- Interactive map of Kord Asiab
- Coordinates: 35°59′18.65″N 53°08′5″E﻿ / ﻿35.9885139°N 53.13472°E
- Country: Iran
- Province: Mazandaran
- County: Savadkuh
- Bakhsh: Central
- Rural District: Rastupey

Population (2016)
- • Total: 31
- Time zone: UTC+3:30 (IRST)

= Kord Asiab =

Kord Asiab (کردآسیاب, also romanized as "Kord-āsiyāb" and "Kord Aseyab") is a village in Rastupey Rural District, in the Central District of Savadkuh County, in Mazandaran Province, Iran.

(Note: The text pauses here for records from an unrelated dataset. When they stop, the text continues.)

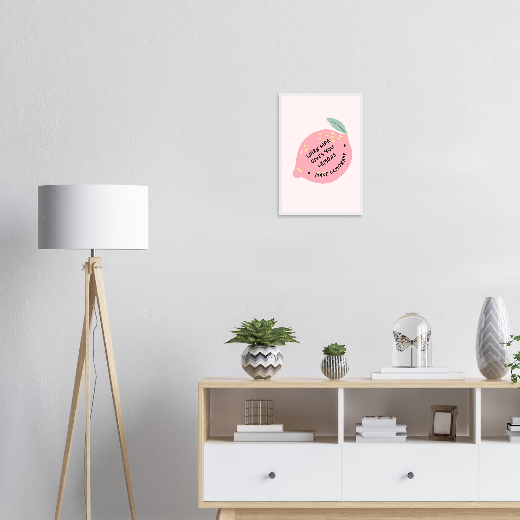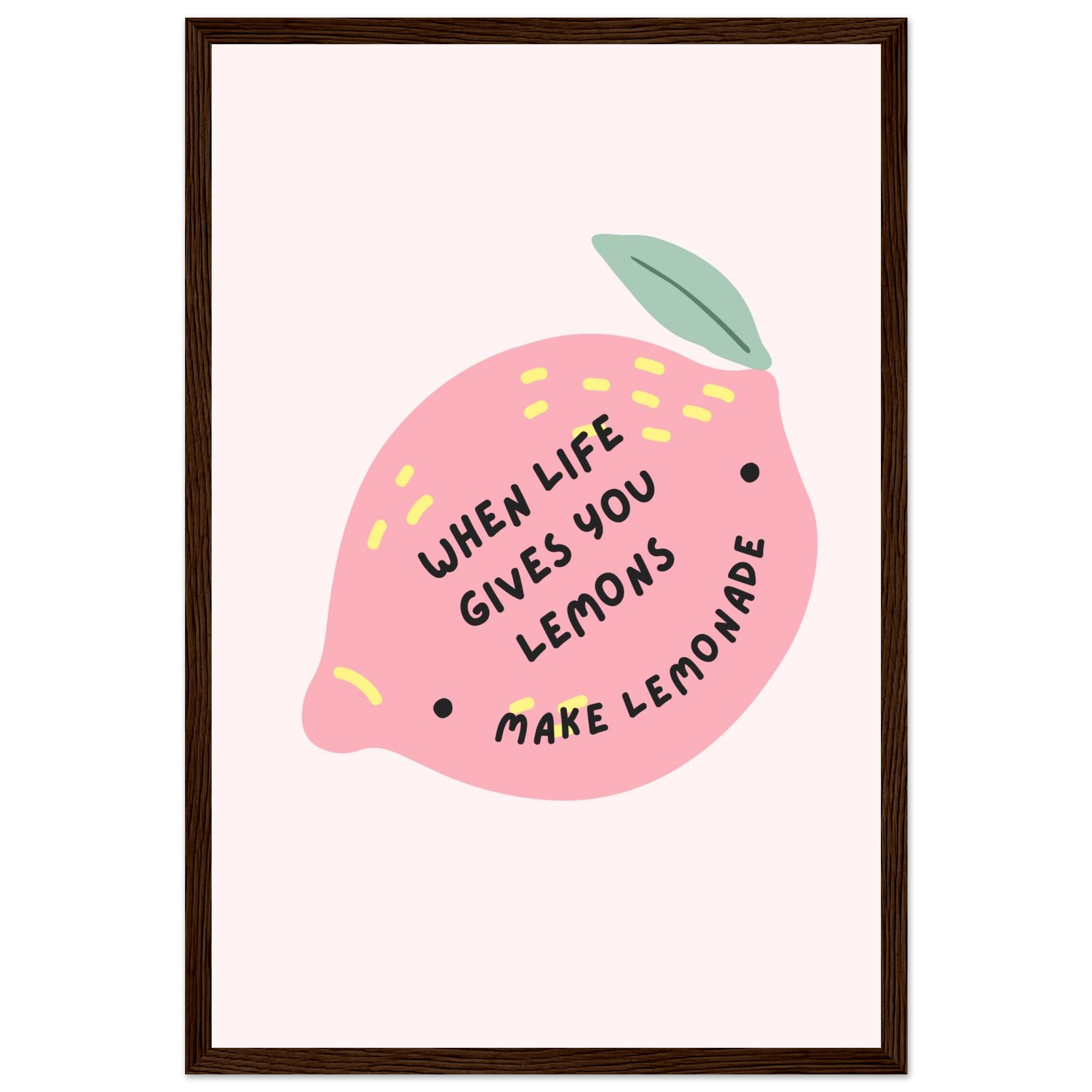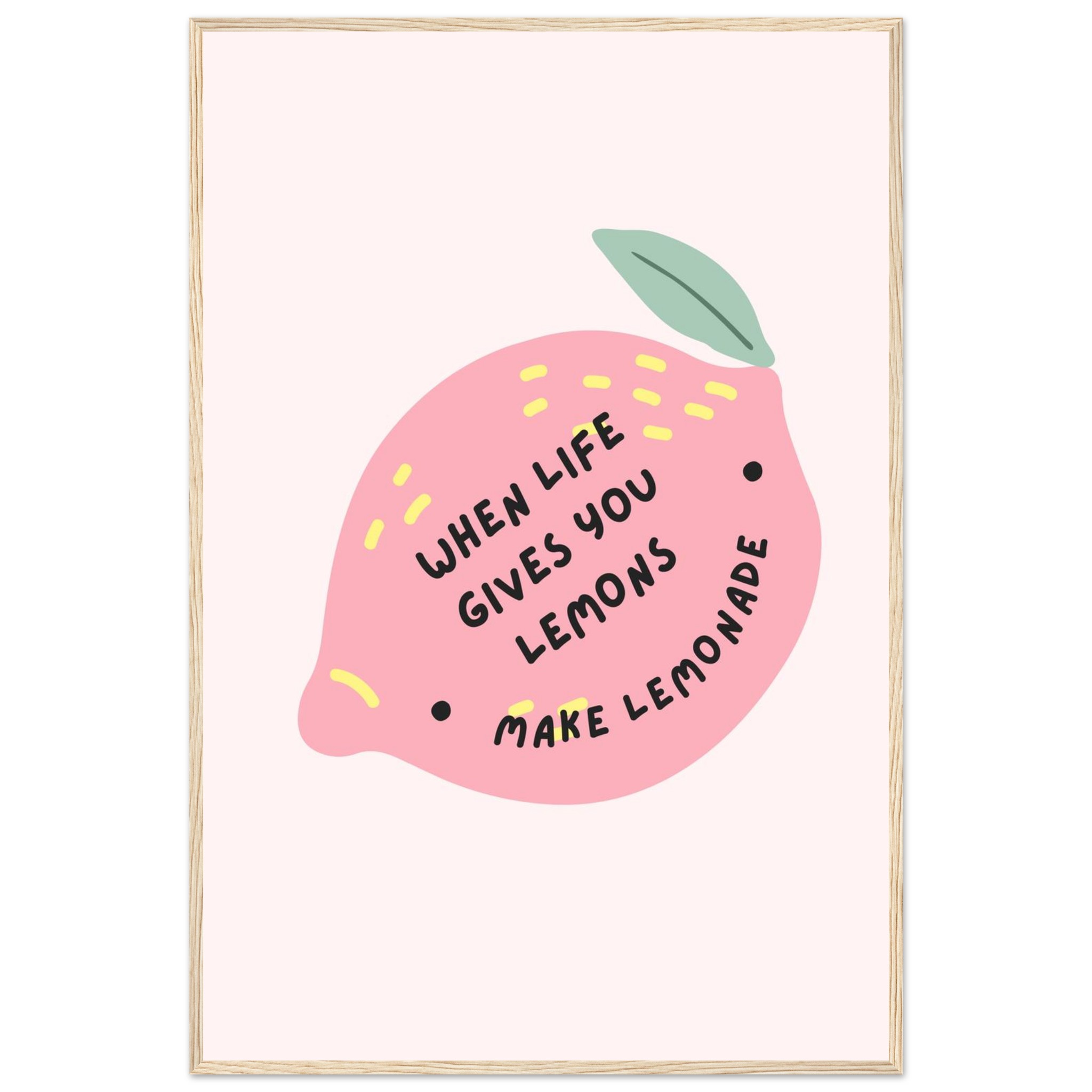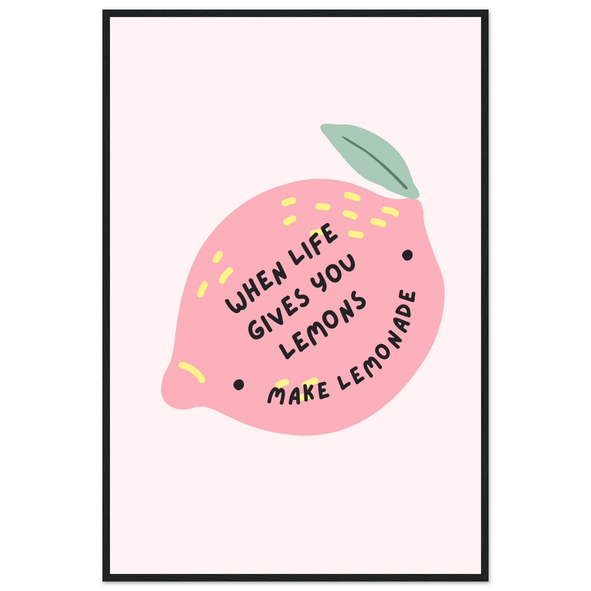Brighten your space and your spirits with our ‘When Life Gives You Lemons Make Lemonade’ framed art print. This playful and inspiring piece features a charming pink lemon illustration with sunny yellow accents, perfectly capturing a mood of optimism and creativity. It’s the ideal addition to a kitchen, studio, or any room needing a pop of color and a dose of positivity.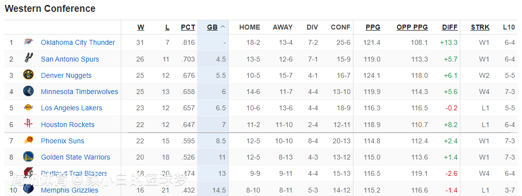 森林狼凭借这一波4连胜已经反超湖人升至西部第四的位置,火箭则掉至西部第六。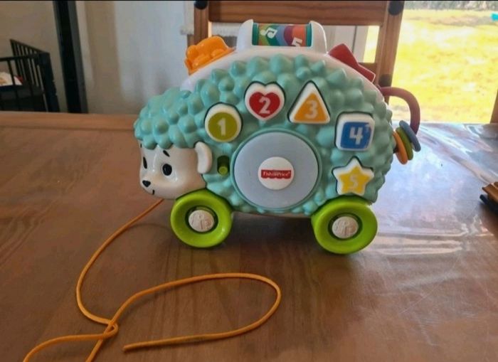 Enfin, équipé de roues et d’une corde, ce petit hérisson se transforme en jouet musical à tirer et à faire rouler pour s'amuser.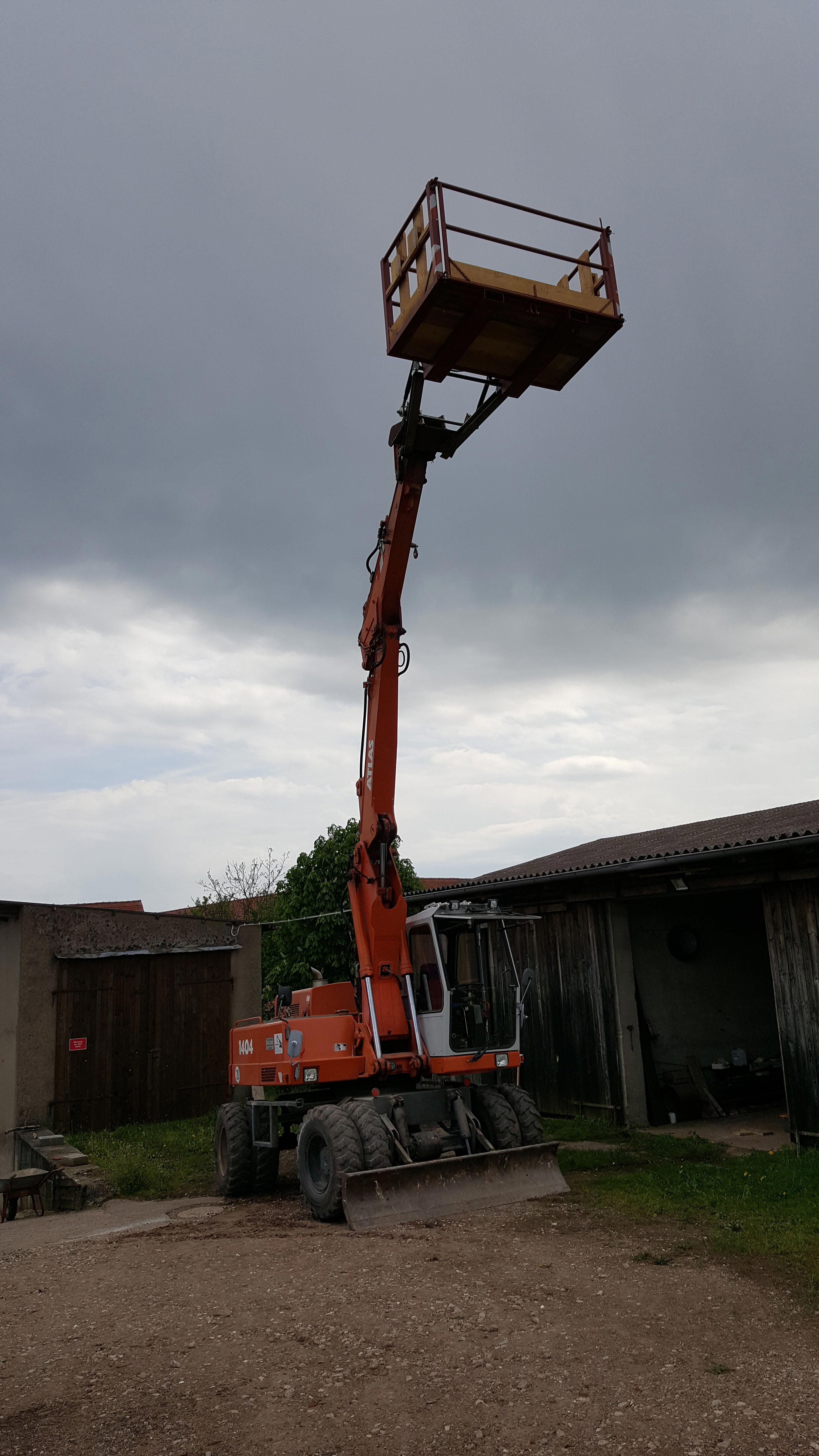 Auf den Bilder ist mein selbst gebauter Multifunktionskorb zu sehen, mit dem z.B. Brennholz ein paar Meter in die Höhe befördert werden kann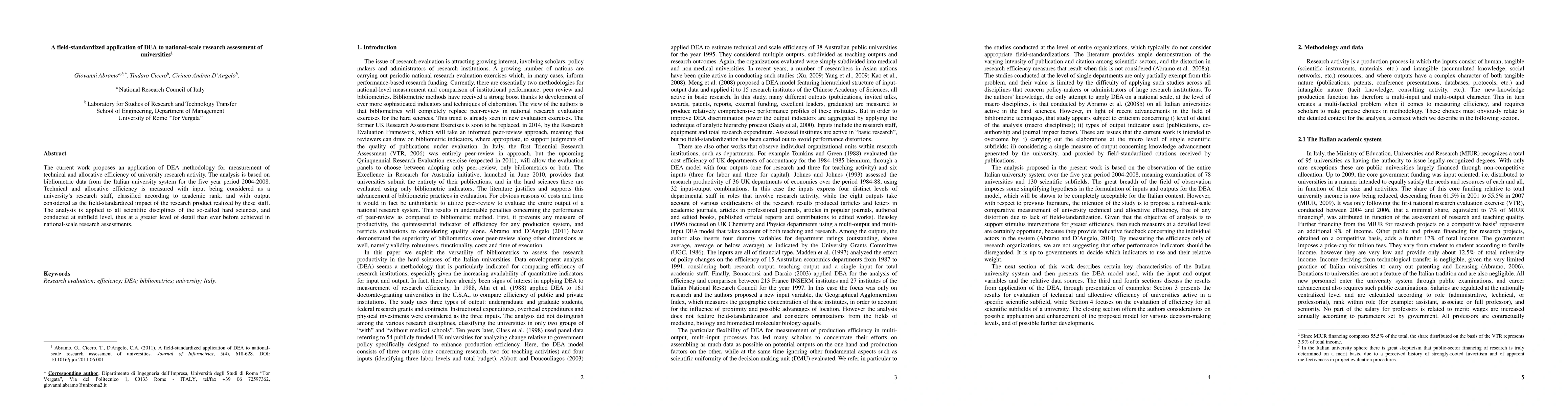 This paper applies Data Envelopment Analysis (DEA) to assess the technical and allocative efficiency of Italian university research activities from 2004-2008, using bibliometric data and considering research staff and field-standardized impact as inputs and outputs, respectively. The study provides detailed efficiency measurements across all hard science disciplines at subfield levels.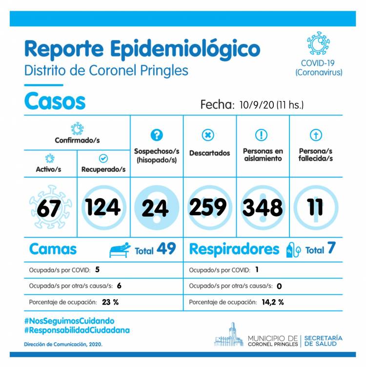 COVID-19: 16 casos positivos, 5 negativos, 1 fallecido y nuevos hisopados en Pringles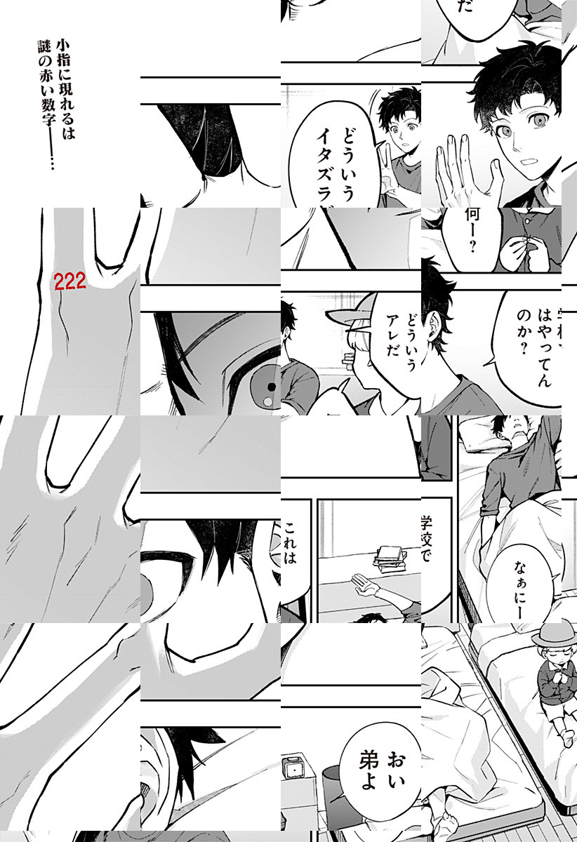 ある日急に小指に現れた「222」という赤い数字。高校生の誠は、自分以外には見えないこの数字が1日ずつ減っていくことに気づく。カウントダウンが終わる日に何が起こるのか…!?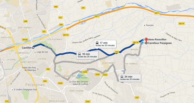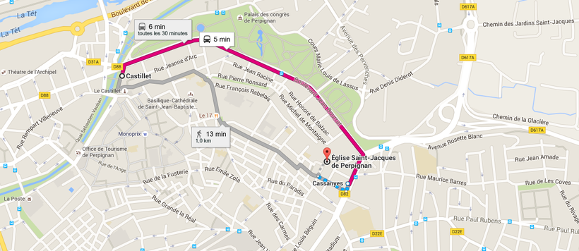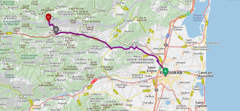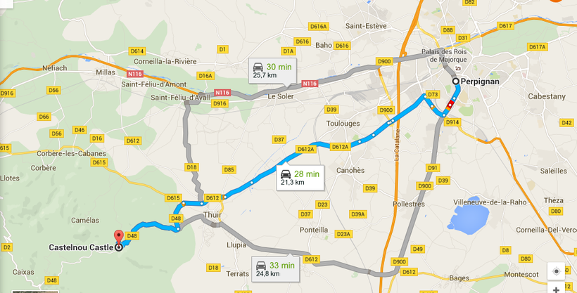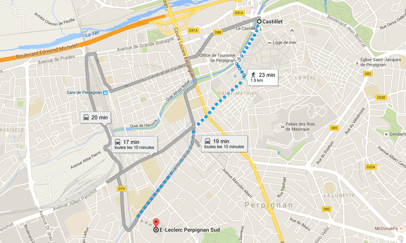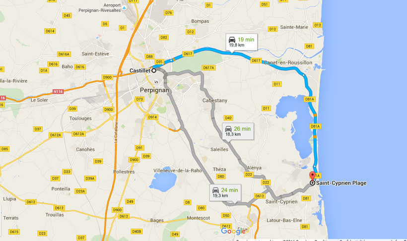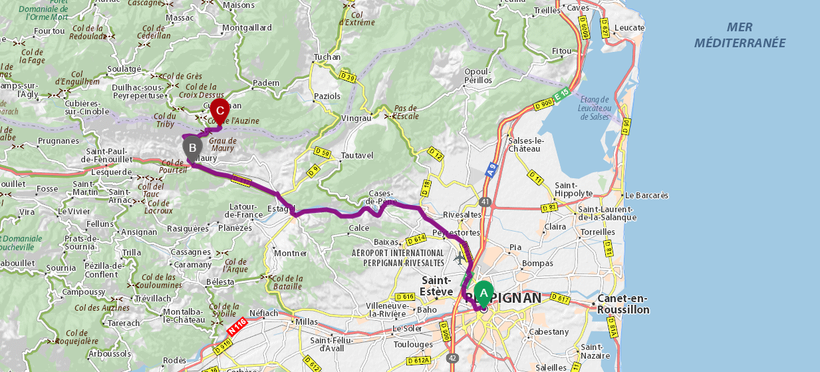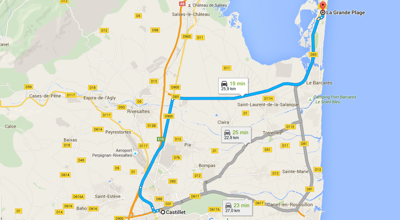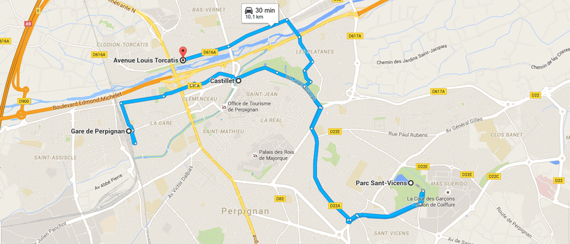 - Из Барселоны. Автомагистраль АР7, направление "Франция". И после прибытия во Францию – автомагистраль А9: выход 42 (sortie 42): Perpignan-Sud, затем направление Perpignan Centre ville.

It is a mountainous village with a temperate climate, 23 km southeast of Pol-e Sefid city and 9 km east of Dowgol Station.

==Demographics==
In Iran's Geographical dictionary published in 1950, Kord Asiab was part of the Savadkuh District in Shahi County. Its population was 450 people, who were shia muslim and spoke Mazanderani and Persian languages. The water source of the village was the natural springs, with rice, Dairy product and cereal being the village's products. Scarf weaving has also been common among the women.

At the 1966 census, Kord Asiab's population was 63 people in 10 households. The village had a mosque and its products were wheat and barley. The 1976 census recorded a population of 44 people in 7 households.

At the 2016 census, its population was 31, in 11 households.